今春から、新たな機能性表示制度が始まる。機能性とは、食品の成分による体への効果のことで、「脂肪の吸収を抑える」「骨を丈夫にする」といった表現が代表例。消費者の健康志向が高まり続ける中、新制度には、食品プロモーションの側面からも、トクホ(特定保健用食品)、栄養機能食品に次ぐ“第三の波”として期待がかかる。
パッケージに機能表示 事業者責任で
食品表示制度の改正に伴い、新たな機能性表示制度がこの春にも導入される見込みだ。トクホや栄養機能食品とはどのような点が異なるのだろうか。
一つ目は、表示するための時間や費用がトクホに比べて低く抑えられること。事前審査を必要とせず、今後発表される消費者庁の食品表示規準やガイドラインなどに沿えば、事業者の責任で機能性表示ができる(表)。ポイントは、十分な科学的根拠に基づき、「機能(体への効果)について有効な成分を特定できている」「なぜ有効なのか(作用機序)が判明している」「効果的な量が分かっている」の3点(図1)。詳細についてはガイドラインで示される予定だ。
二つ目は、栄養機能食品に比べて、対象となる食品や表示できる範囲が広い点。栄養機能食品はビタミン12種、ミネラル5種限定で加工食品のみだったが(今春から、ビタミンK、カリウム、n-3系脂肪酸も加わる)、新たな機能性表示ではそのほかの成分も含まれる。さらに野菜や魚といった生鮮食品でも表記できる。

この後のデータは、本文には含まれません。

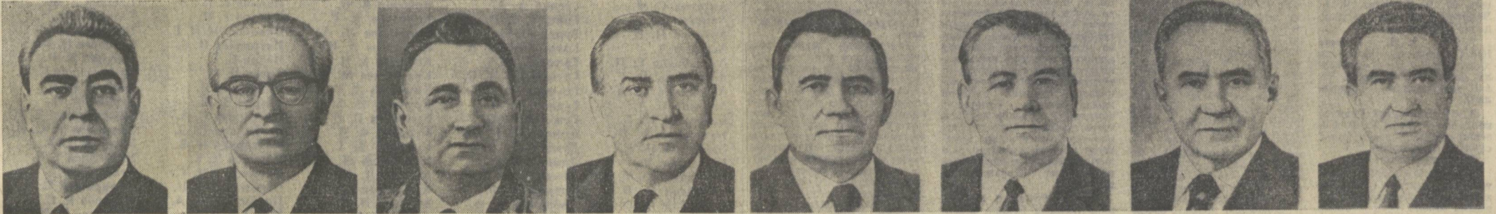
Л. И. БРЕЖНЕВ, Ю. В. АНДРОПОВ, А. А. ГРЕЧКО, В. В. ГРИШИН, А. А. ГРОМИКО, А. П. КИРИЛЕНКО, А. Н. КОСИГИН, Ф. Д. КУЛАКОВ. КПСС Марказий Комитети Сиёсий бюросининг аъзоси, КПСС Марказий Комитетининг Бош секретари. КПСС Марказий Комитети Сиёсий бюросининг аъзоси. КПСС Марказий Комитети Сиёсий бюросининг аъзоси. КПСС Марказий Комитети Сиёсий бюросининг аъзоси. КПСС Марказий Комитети Сиёсий бюросининг аъзоси. КПСС Марказий Комитетининг секретари. КПСС Марказий Комитети Сиёсий бюросининг аъзоси. КПСС Марказий Комитетининг секретари.

ただし、新制度により機能性を表示できるのは容器・包装のみで、小売店頭POPといったプロモーションツールや、飲食店のメニューなど対象外となる。パッケージに入っていても「ファストフード店などのように、その場で飲食できるものは対象外」(消費者庁)。また、病名を記すことはできず、病気にかかっている人や未成年、妊婦・産婦・授乳婦向けのアピールもできないという制限がある。疲れやだるさ、ストレスといった不調感も不可。「どれくらい緩和したのかを客観的に証明するのがとても難しい」(国立健康・栄養研究所情報センターの千葉剛氏)からだ。